- _Provided data_
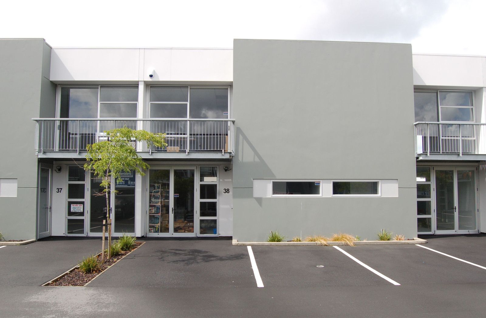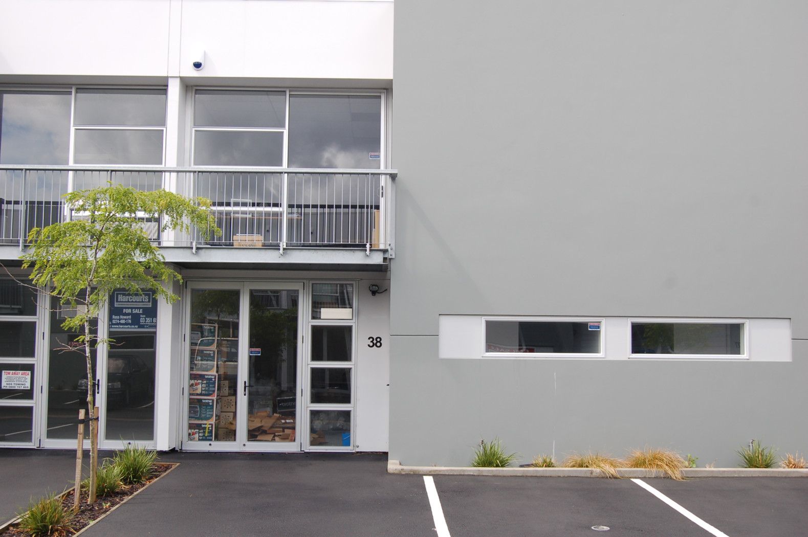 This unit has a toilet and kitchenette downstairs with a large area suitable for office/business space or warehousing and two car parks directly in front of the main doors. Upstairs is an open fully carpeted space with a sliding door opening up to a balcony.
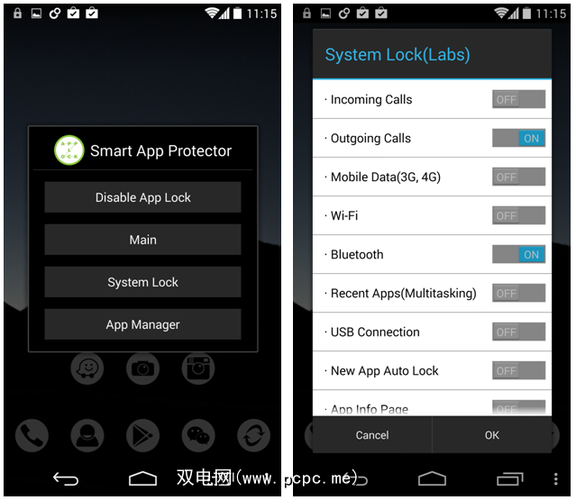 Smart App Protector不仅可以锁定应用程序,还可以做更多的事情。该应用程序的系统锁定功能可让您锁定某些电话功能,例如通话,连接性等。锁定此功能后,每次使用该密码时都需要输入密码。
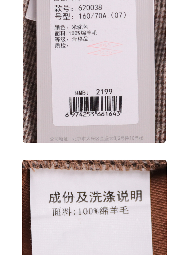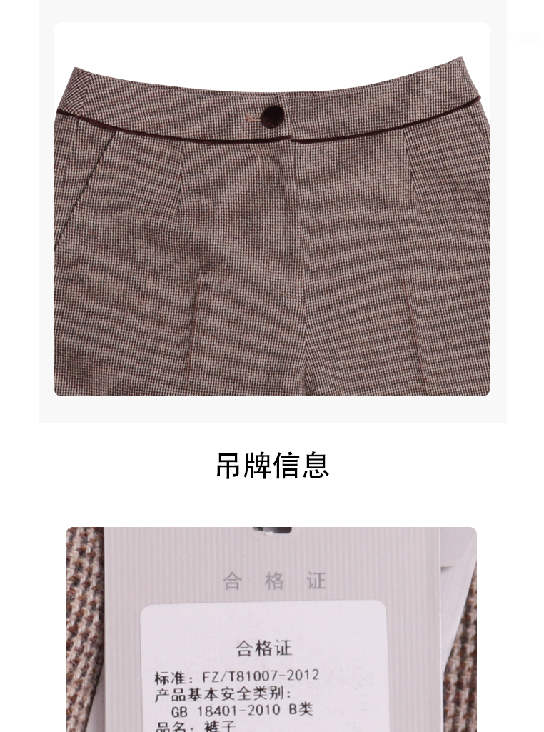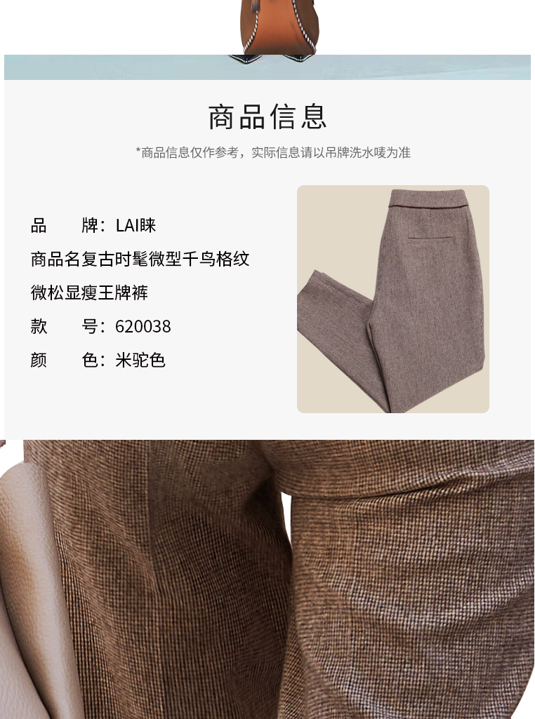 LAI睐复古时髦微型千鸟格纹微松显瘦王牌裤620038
---
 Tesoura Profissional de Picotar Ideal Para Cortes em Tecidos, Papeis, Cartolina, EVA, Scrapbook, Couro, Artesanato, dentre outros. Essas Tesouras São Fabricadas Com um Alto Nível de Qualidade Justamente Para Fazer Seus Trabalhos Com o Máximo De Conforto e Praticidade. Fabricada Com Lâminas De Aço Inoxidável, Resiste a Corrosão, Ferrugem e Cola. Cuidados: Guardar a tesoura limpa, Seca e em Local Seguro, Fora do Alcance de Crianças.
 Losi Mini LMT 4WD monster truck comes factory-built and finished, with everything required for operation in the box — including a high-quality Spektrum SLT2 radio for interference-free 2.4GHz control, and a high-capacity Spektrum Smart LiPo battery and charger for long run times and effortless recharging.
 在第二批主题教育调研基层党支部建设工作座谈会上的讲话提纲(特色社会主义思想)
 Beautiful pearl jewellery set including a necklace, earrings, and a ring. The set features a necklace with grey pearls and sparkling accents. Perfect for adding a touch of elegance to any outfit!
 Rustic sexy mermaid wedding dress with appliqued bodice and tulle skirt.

- _Exercise instructions_
From the line with "This unit has" up to and including the line with "LAI睐复古时髦微型千鸟格纹微松显瘦王牌裤620038" above, retype every line exactly and nothing more; leave out the pictures.

- _Solved exercise_
 This unit has a toilet and kitchenette downstairs with a large area suitable for office/business space or warehousing and two car parks directly in front of the main doors. Upstairs is an open fully carpeted space with a sliding door opening up to a balcony.
 Smart App Protector不仅可以锁定应用程序,还可以做更多的事情。该应用程序的系统锁定功能可让您锁定某些电话功能,例如通话,连接性等。锁定此功能后,每次使用该密码时都需要输入密码。
 LAI睐复古时髦微型千鸟格纹微松显瘦王牌裤620038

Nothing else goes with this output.